Currently image recognition with AR requires that you take a picture of something, (think Google Goggles), and then it compares that picture to similar pictures in a database. Imagine the same procedure, (in the not to distant future), but instead of requiring you to take a picture, your device is always on and in "search mode", processing images, and natural features around you, along with your geo-location and even the identity of those around you.

This alone would be information overload, so it would require a filter. This filter would need to be dynamic, and take into consideration your location, day of week, and time of day, personal productivity habits, historical preferences, possibly even bio-metric information such as heartbeat and body temperature, and serve up hyper-contextual information just for you. 

It would recognize when you were at work crunching on a project, and would facilitate access to relevant information and people, and de-emphasize non-relevant interruptions, creating a hive of focused activity. This AR of the future will recognize specific images and natural features unique to ones working environment, and provide always-on performance support calibrated to ones unique personal AR profile.

Consider such a system for training. Using the same personalized filter, only calibrated for guiding a student through a series of exercises that build off one another and dynamically adjust based on the performance, and biometrics of the student. For example practice giving a presentation in front of a virtual crowd, or developing your negotiation skills.
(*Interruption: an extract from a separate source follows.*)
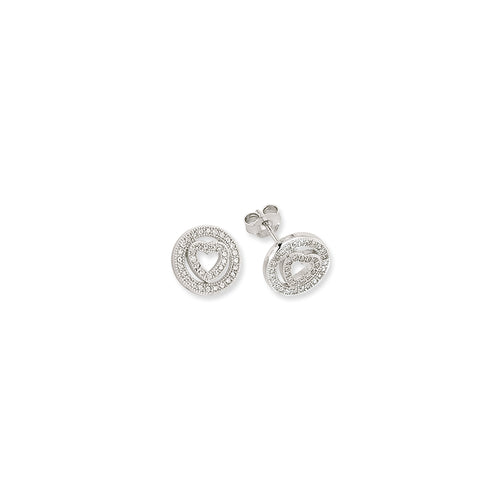 925 Sterling Silver Cubic Zirconia Open Circle With Open Heart Stud Earrings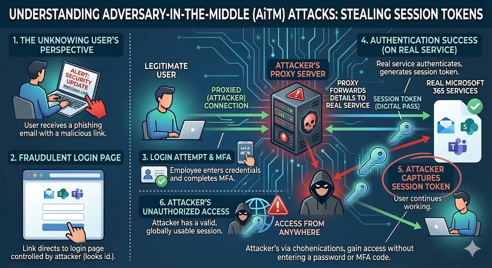 Adversary-in-the-Middle (AiTM) attacks represent one of the most effective ways to steal tokens.

If this seems far-fetched, the technology is already here, and is rapidly improving. On the software side, tracking technology, (the ability for an AR application to recognize and differentiate natural features), is getting increasingly more capable of seeing thousands of points in real-time. Tablet and smart phone manufacturers are incorporating faster processors and graphics capabilities. We are just scratching the surface of high speed bandwidth here in the United States, (Japan has 12x the average advertised bandwidth as the United States). Finally, different ways of visualizing information, beyond the confines of a mobile device, are coming to market. The "Light Touch" projector by Light Blue Optics turns any surface into a touch screen. Eye ware from companies like Vuzix, in which an augmented reality image is projected in front of you, are commercially available now.  Augmented reality contact lenses are in development.

Always on, multiple image recognition is one piece of the AR puzzle that will fundamentally change the speed, access, and personalized nature of information in the future.